If a patient presents to ED and their Balloon Gastrostomy device has been removed, the following pathway below should be followed.

Initial actions:

  1. The Fr (diameter) of the patient’s gastrostomy should be established and length of time the device has been removed, as per SOP below.

  2. The EN-Plug-S device should then be inserted into the patient’s stoma to ensure stoma patency on arrival to ED by a trained member of the ED team.

  3. Once the EN-Plug-S device is in situ, the Gastrostomy/Stoma Clinical Nurse Specialist (85756 / 86486 / Nurse Support 85755) should be contacted during working hours (Mon - Fri 8.30am -4pm).  Out of hours see below.

If the CNS is unavailable or delayed, the ED Consultant in the department may be able to assist. If not, then the surgical on call registrar should be contacted.

SOP for replacement of acutely displaced gastrostomy tubes by ED doctors who have completed the gastrostomy replacement competency program AND in eligible patients only.  Stoma patency is priority. If the ED doctor on call has not completed gastrostomy competency program then an EN-Plug-S device must be inserted into the patient’s stoma and CNS or Surgical team then contacted.

Eligible patients: See Flow chart below

Suitable tubes for replacement

Obtaining gastrostomy tubes

If parent has an appropriate replacement then use this.
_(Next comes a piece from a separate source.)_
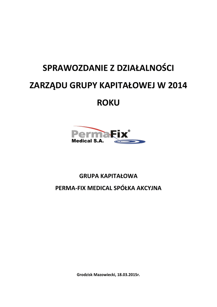 SPRAWOZDANIE Z DZIAŁALNOŚCI ZARZĄDU GRUPY KAPITAŁOWEJ W 2014 ROKU GRUPA KAPITAŁOWA PERMA-FIX MEDICAL SPÓŁKA AKCYJNA Grodzisk Mazowiecki, 18.03.2015r. 1. PODSTAWOWE INFORMACJE NA TEMAT SPÓŁKI Nazwa firmy: Perma-Fix Medical Spółka Akcyjna Forma prawna: Spółka Akcyjna Siedziba: Grodzisk Mazowiecki Adres: Ul. Lecha Zondka 3 lok. 7, 05-825 Grodzisk Mazowiecki Numer telefonu: +48 (22) 212 87 51 Fax: +48 (22) 378 24 99 E-mail: [email protected] Adres strony internetowej: www.medical-isotope.com NIP: 8943022798 REGON: 021527509 KRS: 0000392945 Źródło: Spółka ZARZĄD SPÓŁKI: Na dzieo przygotowania niniejszego sprawozdania, Zarząd Spółki składa się z Prezesa Zarządu, którym jest pan Louis F. Centofanti. W dniu 23 września 2014 r. Rada Nadzorcza Spółki na posiedzeniu odwołała ze składu Zarządu Spółki pana Dominika Dymeckiego ze skutkiem na dzieo 23 września 2014 r. Na tym samym posiedzeniu Rada Nadzorcza Spółki powołała do składu Zarządu na stanowisko Prezesa Zarządu pana Louis F. Centofanti ze skutkiem na dzieo 24 września 2014 r. RADA NADZORCZA SPÓŁKI: Ze skutkiem na dzieo 4 kwietnia 2014 r. nastąpiła zmiana w składzie Rady Nadzorczej Spółki. Na dzieo sporządzenia niniejszego sprawozdania w skład Rady Nadzorczej Spółki wchodzą: Robert Schreiber, Jr. Larry M. Shelton, James A. Blankenhorn, SPRAWOZDANIE Z DZIAŁALNOŚCI ZARZĄDU GRUPY KAPITAŁOWEJ STRONA 2 Robert L. Ferguson, David K. Waldman. OPIS DZIAŁALNOŚCI SPÓŁKI: Perma-Fix Medical S.A. jest spółką zależną spółki giełdowej Perma-Fix Environmental Services notowanej na rynku NASDAQ. Spółka powstała w celu dalszego rozwoju opracowanej przez spółkę zależną Perma-Fix Medical Corporation nowej technologii wytwarzania Technetu-99 (Tc-99m), najczęściej stosowanego izotopu medycznego na świecie, uzyskania dla niej zatwierdzenia Amerykaoskiej Agencji ds. Żywności i Leków („FDA”) oraz innych formalnych pozwoleo, oraz komercjalizacji tej technologii. Przewiduje się, że nowy proces umożliwi rozwiązanie problemu światowych niedoborów Tc-99m ze względu na niższy koszt, brak konieczności wykorzystania materiałów stosowanych do produkcji broni masowego rażenia dotowanych przez rządy oraz fakt, że może byd łatwo wdrażany na całym świecie przy wykorzystaniu standardowych i komercyjnych reaktorów badawczych, eliminując potrzebę wykorzystywania reaktorów specjalnego przeznaczenia. Spółka zależna Perma-Fix Medical Corp. posiada umowę patentową ze spółką Perma-Fix Environmental Services Inc. na produkcję i dalszy rozwój Tc-99m. STRUKTURA AKCJONARIATU: Akcjonariusz Liczba akcji Liczba głosów Udział w KZ Udział w głosach na WZ Perma-Fix Environmental Services, Inc. 800 000 800 000 64,00% 64,00% Astoria Capital S.A.* 133 277 133 277 10,66% 10,66% TFI PZU S.A.** 120 000 120 000 9,60% 9,60% Pozostali (każdy posiada <5%) 196 723 196 723 15,74% 15,74% RAZEM 1 250 000 1 250 000 100,00% 100,00% Źródło: Spółka * łącznie bezpośrednio oraz pośrednio poprzez podmiot zależny ** działając w imieniu i na rzecz PZU Fundusz Inwestycyjny Otwarty Parasolowy oraz PZU Fundusz Inwestycyjny Zamknięty Medyczny. 2. PODSTAWOWA CHARAKTERYSTYKA GRUPY KAPITAŁOWEJ PERMA-FIX MEDICAL S.A. Pod koniec I kwartału 2014 r. Spółka zawarła umowę ze spółką Perma-Fix Environmental Services Inc. na zakupu 100% akcji spółki Perma-Fix Medical Corporation. W związku z powyższym na dzieo SPRAWOZDANIE Z DZIAŁALNOŚCI ZARZĄDU GRUPY KAPITAŁOWEJ STRONA 3 sporządzenia niniejszego sprawozdania Emitent posiada podmiot zależny spółkę Perma-Fix Medical Corporation i wraz z nią tworzy grupę kapitałową. Poniżej znajdują się podstawowe dane na temat podmiotu zależnego od Emitenta: Nazwa firmy: Perma-Fix Medical Corporation Forma prawna: Corporation Siedziba: Atlanta, USA Adres: 8302 Dunwoody Place, Suite 250, Atlanta, GA 30350 Przedmiot działalności: Spółka stworzyła oraz rozwinęła przełomową technologię wytwarzania izotopów medycznych, głównie izotopu Technetu99 (najbardziej znanego i najczęściej stosowanego izotopu medycznego na świecie) w celu wyeliminowania światowego niedoboru tego izotopu w medycynie jądrowej Udział Spółki w kapitale zakładowym: 100,00% Udział Spółki w głosach na walnym zgromadzeniu: 100,00% Źródło: Spółka 3. ZDARZENIA ISTOTNIE WPŁYWAJĄCE NA DZIAŁALNOŚD JEDNOSTKI, JAKIE NASTĄPIŁY W ROKU OBROTOWYM, A TAKŻE PO JEGO ZAKOOCZENIU, DO DNIA ZATWIERDZENIA SPRAWZODANIA FINANSOWEGO Na działalnośd samej Spółki jak i Grupy Kapitałowej wpływ miały następujące istotne zdarzenia: Zmiana nazwy Spółki W dniu 24 marca 2014 r. Nadzwyczajne Walne Zgromadzenie Spółki, na mocy uchwały nr 3 w sprawie zmiany Statutu w zakresie zmiany firmy Spółki i upoważnienia Rady Nadzorczej do ustalenia jednolitego tekstu zmienionego Statutu Spółki, dokonało zmiany nazwy Spółki z CEE OPPORTUNITY PARTNERS POLAND S.A. na PERMA-FIX MEDICAL S.A. W tym samym dniu Spółka nabyła 100% akcji spółki Perma-Fix Medical Corporation z siedzibą w Atlancie, Georgia, USA. SPRAWOZDANIE Z DZIAŁALNOŚCI ZARZĄDU GRUPY KAPITAŁOWEJ STRONA 4 Zawiadomienie otrzymane od głównego akcjonariusza – spółki dominującej nad Perma-Fix Medical S.A. Emitent otrzymał zawiadomienie od spółki Perma-Fix Environmental Services, Inc. („PESI”) o zakupie przez nią 800.000 akcji Spółki. W wyniku zawartej transakcji PESI stała się podmiotem dominującym wobec Emitenta, która na tamten czas posiadała 80% udziału w kapitale zakładowym Spółki oraz 80% udziału w głosach na Walnym Zgromadzeniu Emitenta. Zmiana w składzie Rady Nadzorczej Spółki Ze skutkiem na dzieo 4 kwietnia 2014 r. nastąpiła zmiana w składzie Rady Nadzorczej Spółki. Na dzieo sporządzenia niniejszego sprawozdania w skład Rady Nadzorczej Spółki wchodzą: Robert Schreiber, Jr. Larry M. Shelton, James A. Blankenhorn, Robert L. Ferguson, David K. Waldman

Check with carer that the balloon G-tube is the correct size (Fr) and length(cm) and in date.  If not:

See Gastrostomy trolley in Majors treatment room.

If correct replacement tube not in trolley OR ED Resus store room then contact Theatres for replacement tube or access the store room beside the exit to recovery in surgical day unit.
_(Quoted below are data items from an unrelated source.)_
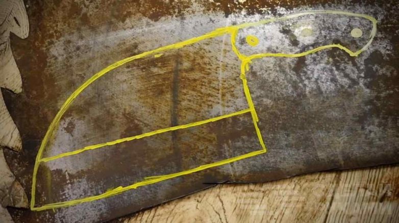 Затем автор рисует на заготовке эскиз будущего ножа. После этого необходимо будет вырезать его по контуру болгаркой.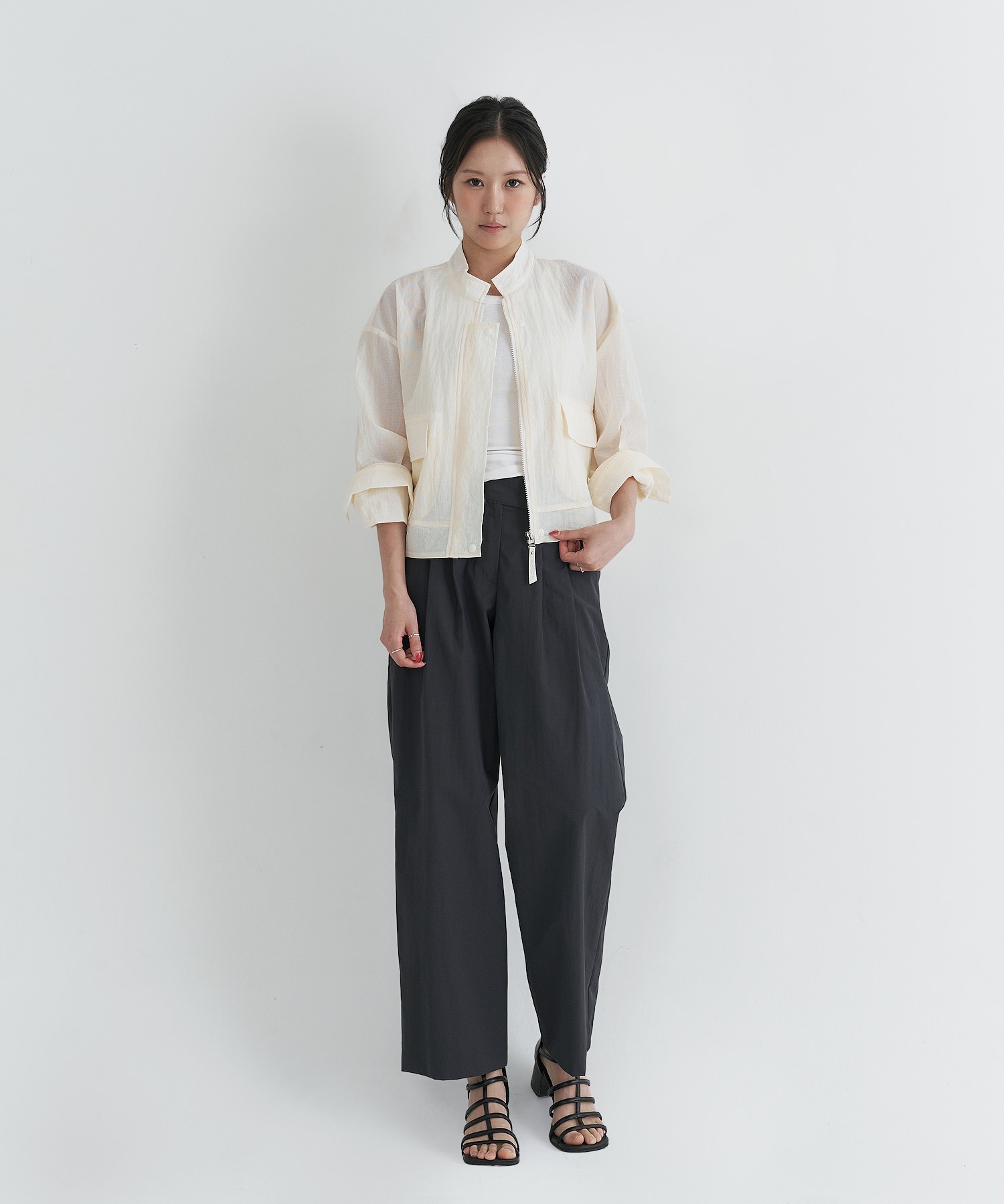 바스락 거리는 소재로 몸에 달라붙지 않아 체형 커버에 좋은 원단입니다.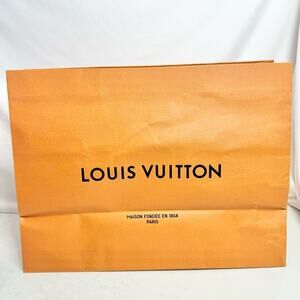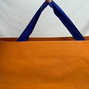 Great used condition! XL classic orange and blue gift bag with double strap cloth handles. Clean tan interior. Ribbon is in excellent condition. Minor imperfections shown in last two photos. Great for storing an LV purse, tote, bag, backpack or small luggage.
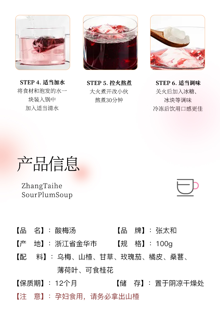 张太和酸梅汤100g原料包正宗乌梅汤2.0料包夏季解暑乌梅山楂甘草 商品图8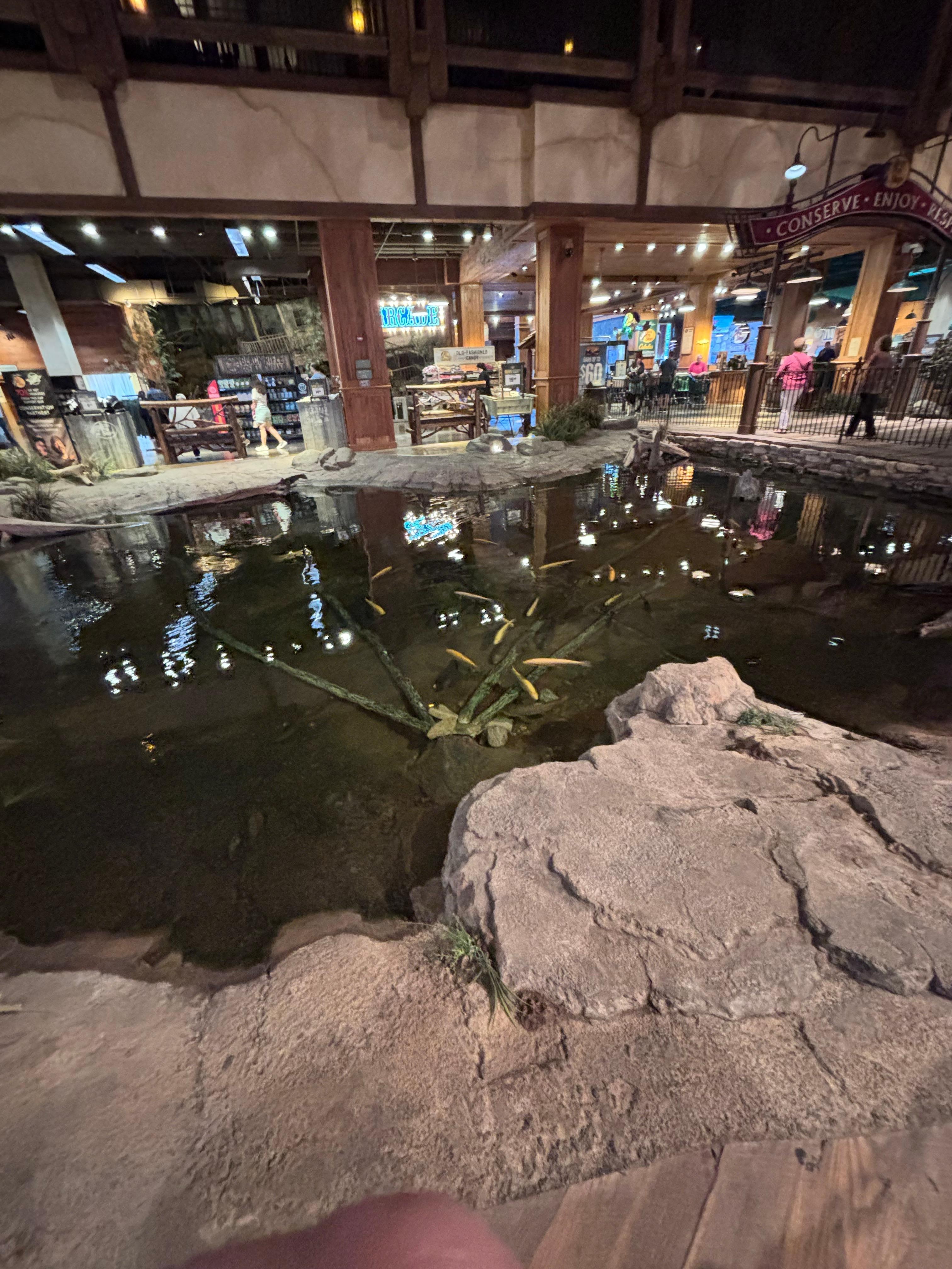 Very cool room inside bass pro. Good detail and decor throughout store and hotel. Fun things for kids to do like bowling, games, scavenger hunt. Service in restaurant at top was nice. Very friendly staff, be patient takes a while for food to come out. Food was terrific. Everyone friendly who worked there.

Confirm which tube should be used – 3 stages:

  • Confirm with parents
  • Review PORTAL system for details.
  • If available look at gastrostomy tube that has become dislodged as the size will likely be on device.
Positioning of patient

Ask parents which position patient is usually in to have the tube changed.  If unsure then position patient supine with abdomen fully exposed.
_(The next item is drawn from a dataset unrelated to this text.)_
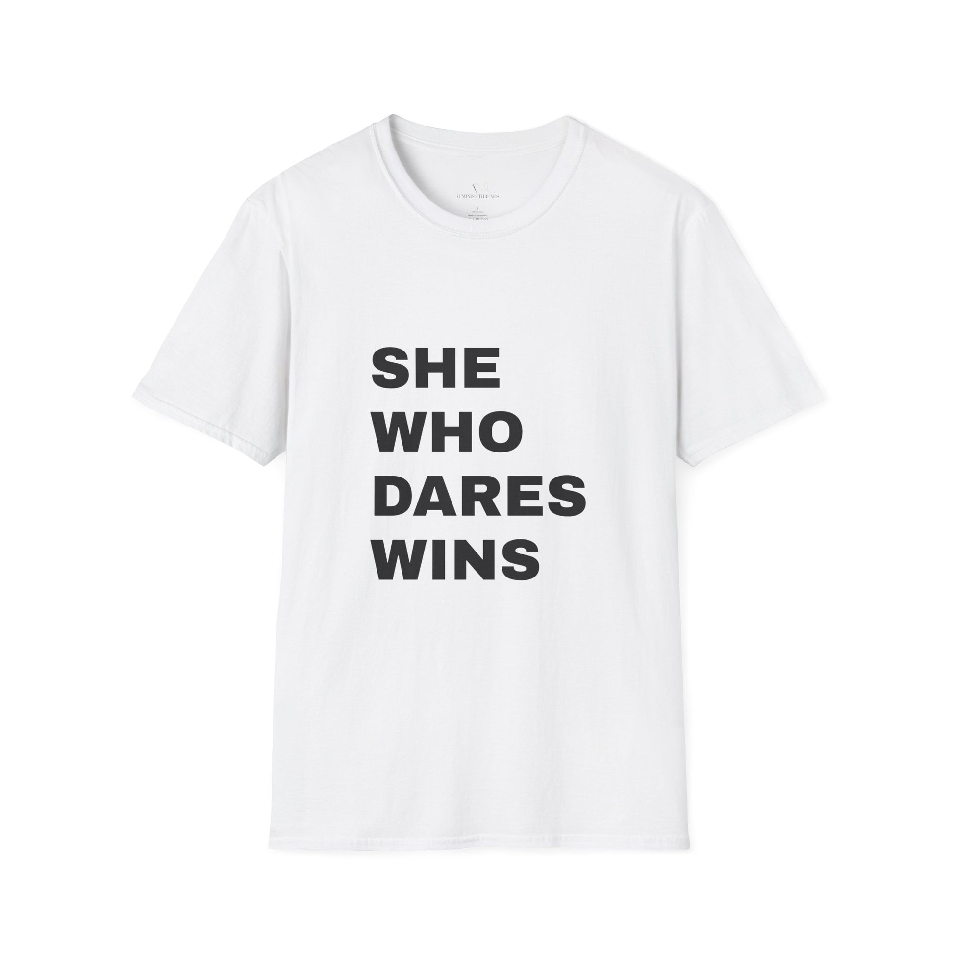 Make a fearless fashion statement with our best-selling 'She Who Dares Wins' slogan t-shirt - designed for women who live life unapologetically (like Del Boy). Crafted from soft, breathable cotton, our best-selling slogan tee is ideal to wear with jeans for a casual look, or layer under a blazer for bold workwear.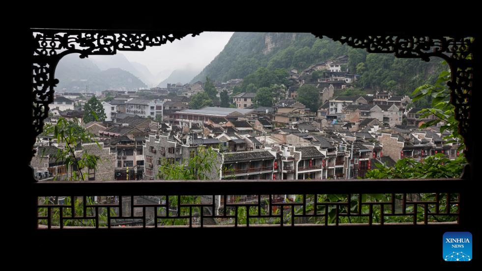 This photo shows Zhenyuan ancient town in misty rain in Qiandongnan Miao and Dong Autonomous Prefecture in southwest China's Guizhou Province, May 21, 2025. With a history of over 2,000 years, the ancient town of Zhenyuan sits at riverside in Guizhou's mountains. The Wuyang River curves through its heart, forming a harmonious picture with traditional wooden houses built right over the water. Stone bridges connect both banks, where you can see boats gliding past reflections of glowing lanterns at night. (Xinhua/Ou Dongqu)

Discuss analgesia with parent and give if appropriate.

Equipment set up

Pre-procedure checklist
  • Area cleaned – use sterile water and gauze
  • Balloon check – Use sterile water and ensure balloon inflates easily and dose not leak with volume indicated on device i.e. manufacture advice
    (NB for MIC-KEY device use 5mls as standard).
  • Mini Button balloon volume stated on balloon valve.
  • Appropriate sized replacement gastrostomy  tube (calibre and length) available
  • ‘Stylet’ for insertion of Mini buttons only.
  • Appropriate EN-Plug-S device available (same calibre and smaller sizes) if unable to easily re-site gastrostomy tube as per SOP).
Inserting the tube

With the balloon deflated, apply a little water-based lubricant to the balloon part of the tube. Insert the lubricated tube into the tract smoothly. It should be a snug fit and a little twist sometimes helps.  Excessive resistance should not be encountered. If it is, then insertion may be at the wrong angle. It is possible to make a false passage or insert into the peritoneal cavity. When using a Mini button, push the stylet into the tube until it is 1cm from tip, this should enable easier passage of the button.


Checking tube placement

Tube position should always be checked after attaching the feeding extension set for the device by attempting to aspirate gastric fluid and testing with pH paper. 

PH should be <5.5 – if not then discuss with On-Call Surgical Middle Grade.

NB: In patients on PPI/H2 therapy the pH may not be acidic.

CautionIf there is any doubt about the placement of the tube, contact the On-Call Surgical Middle Grade to discuss whether a contrast study is necessary

Restarting fluids and feeds

If tube placement is confirmed trial with a small, age appropriate, volume of sterile water (i.e. 30mls) to ensure this is tolerated before restarting feeds. Complications with tube replacement likely to arise during or immediately (within 15 minutes) post trial volume.

If there is doubt about position and there is a delay in obtaining confirmatory imaging, patients may require intravenous fluids.

The fluid status of patients MUST be assessed and appropriate fluids given.

Possible Complications of feeding after gastrostomy tube replacement

If the patient becomes unsettled during recommencing feeds / trial of water, consider the following complications:

  • Ileus (this can be identified by the presence of pain associated with reduced bowel sounds and bloating).
  • Leakage of feed into the peritoneum (this may be difficult to identify but is typically associated with pain and distress with abdominal distension).

If either of these is suspected, cease feeds immediately and contact the On-Call Surgical Middle Grade for urgent review.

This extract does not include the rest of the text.